AUGUSTA, GA. – January 11, 2017 – Mayor Hardie Davis announced today that Augusta, Georgia, is taking a much-needed step to hold accountable the companies responsible for dumping millions of dollars’ worth of prescription opiates into its community, filing a public nuisance lawsuit against the pharmaceutical drug manufacturers and wholesale drug distributors that made the opioid epidemic possible.
Augusta has filed suit against five of the largest manufacturers of prescription opioids and their related companies and against the country’s three largest wholesale drug distributors. Augusta is joining a growing list of city and county governments across the country that are taking action against the drug manufacturers and distributors for fueling the opioid crisis in their communities.
Because prescription opioids are a highly addictive substance, in 1970 Congress designed a system to control the volume of opioid pills being distributed in this country. It let only a select few wholesalers gain the right to deliver opioids. In exchange, those companies agreed to do a very important job – halt suspicious orders and control against the diversion of these dangerous drugs to illegitimate uses. But in recent years they failed to do that, and today the people of Augusta are paying the price.
Augusta is working with a consortium of law firms to hold pharmaceutical drug manufacturers and wholesale distributors accountable for failing to do what they were charged with doing under the federal Controlled Substances Act – monitor, identify and report suspicious activity in the size and frequency of opioid shipments to pharmacies and hospitals.
“We are taking this action today because the costs of this opioid crisis have overwhelmed our ability to provide for the health, welfare and safety of our residents,” Mayor Davis said. “Homes have been broken and families torn apart by this epidemic, which has claimed victims from all walks of life. But it is the pharmaceutical drug manufacturers and wholesale drug distributors who failed in their legal obligation to notify the Drug Enforcement Administration of suspicious orders, even as the number of pills flowing into our county rose and rose.”
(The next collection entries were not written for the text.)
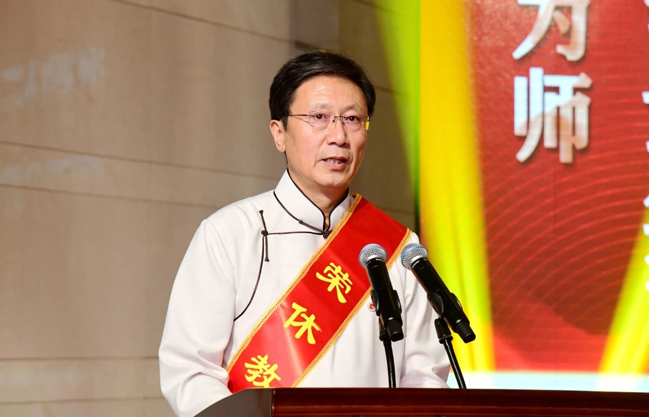 李树林代表学校向全校广大教职工、离退休老教师以及未来的教师致以最崇高的敬意,向受表彰的教师和同志表示热烈祝贺。他说,在第三十九个教师节到来之际,习近平总书记给全国优秀教师代表座谈会致信,充分肯定了广大教师为国家发展、民族振兴做出的重要贡献,深刻阐释了教育家精神的丰富内涵和实践要求,赋予了新时代人民教师崇高使命,为新时代教师队伍建设和师范院校高质量发展,指明了前进方向、提供了根本遵循。广大师生要牢记习近平总书记重托,加大对教育家精神的宣传研究阐释,把弘扬教育家精神贯穿教师队伍建设和师范人才培养全过程,引导全校师生以教育家精神为引领,勤奋学习、躬耕教坛,为教育强国、办好人民满意的教育做出应有贡献,使学校成为祖国北疆培养强国之师、研究强教之道的重要阵地。
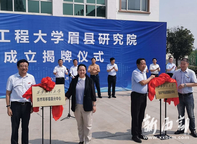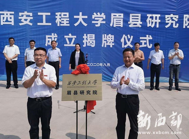 寶雞市委常委、宣傳部部長武勇超、西安工程大學校長高嶺共同為“西安工程大學眉縣研究院”揭牌;
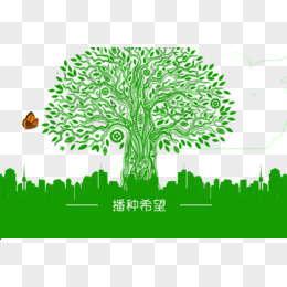 卡通风环保创意标志绿色剪影地球和手免抠元素
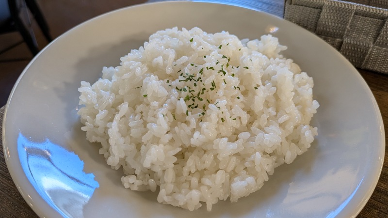 ライスもボリューミー、220gくらいはあるんじゃないでしょうか。
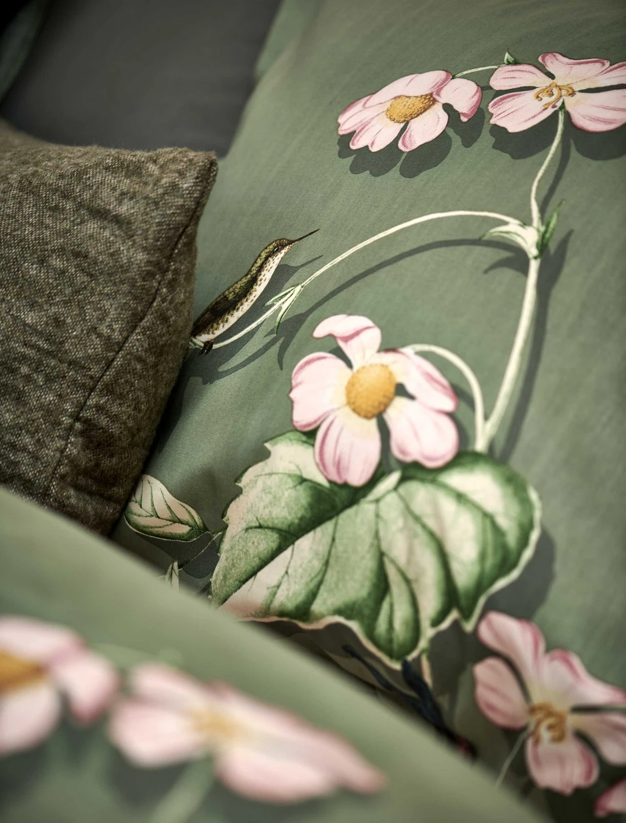 Starling smoke green dekbedovertrek heeft verschillende roze bloemen en blaadjes met allerlei vogels op een donkergroene achtergrond. De achterkant van het dekbedovertrek heeft dezelfde print. De kussens hebben aan beide zijden enkele roze bloemen en twee vogels. Starling smoke green dekbedovertrek van Vandyck heeft een knusse uitstraling door de vogels die met elkaar lijken te kletsen. Combineer met het Green Gift dekbedovertrek. Het is gemaakt van 100% katoen hierdoor is het materiaal sterker, maar voelt het toch zacht aan. Het is een ademend en zacht materiaal dat een comfortabele nachtrust garandeert. Het katoen zorgt ervoor dat je huid kan ademen en reguleert de temperatuur, waardoor je het hele jaar door kunt genieten van een aangename slaapomgeving.
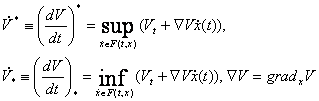 (т.е. имеются непрерывные производныепервого порядка) определяются верхняя и нижняя производные в силу диф. включения (2):
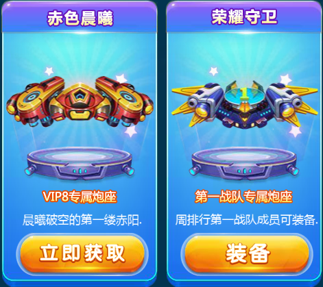 玩家获取炮座后可根据自身喜好更换游戏内的炮座,给予玩家VIP身份象征。
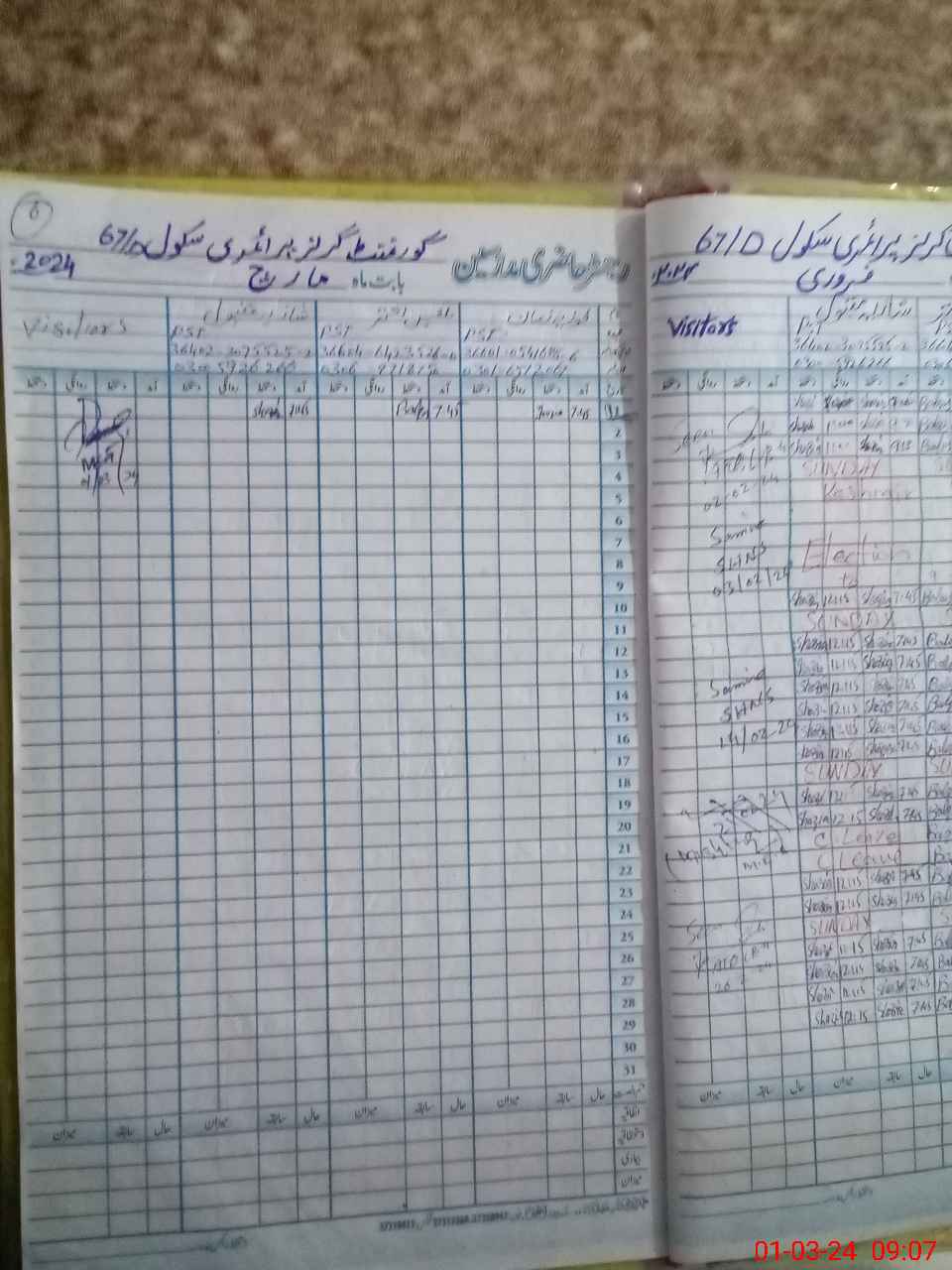 | School Visited by School Health & Nutrition Supervisor (No. of Visits) | 1 | Name1: | Samina Kousar | Name2: | Nil |
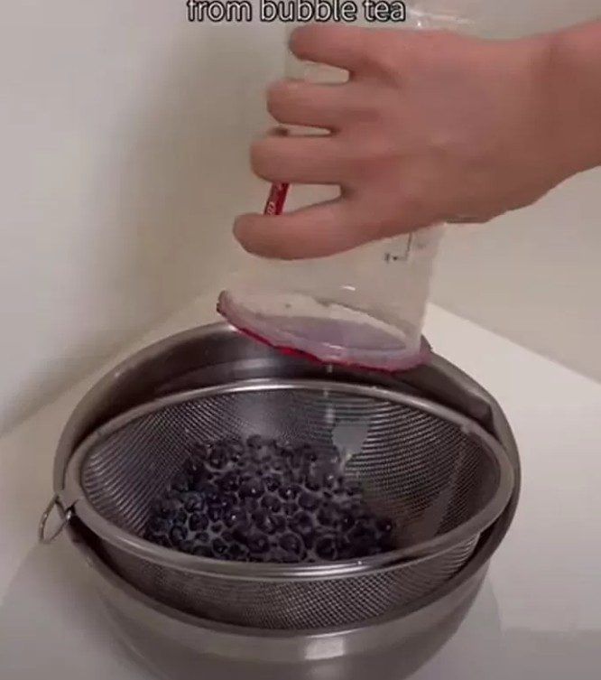 ‘버블티로 떡볶이 만들기 (생각보다 맛이)’라는 제목의 영상에서 랜덤토랑은 공차에서 주문한 밀크티의 펄을 따로 빼내 흐르는 물에 씻었다.

According to the Georgia Department of Public Health, in 2016, 982 people lost their lives due to opioid drug overdoses in the state. Based on the latest data from the Centers for Disease Control and Prevention, nearly 9 opioid prescriptions were dispensed for every 10 residents of Augusta-Richmond County in 2016. Augusta has hired expert law firms, experienced in holding the powerful pharmaceutical industry accountable. Those firms include: Baron & Budd; Levin, Papantonio, Thomas, Mitchell, Rafferty & Proctor; Greene Ketchum Bailey Farrell & Tweel; Hill, Peterson, Carper, Bee & Deitzler; and McHugh Fuller Law Group.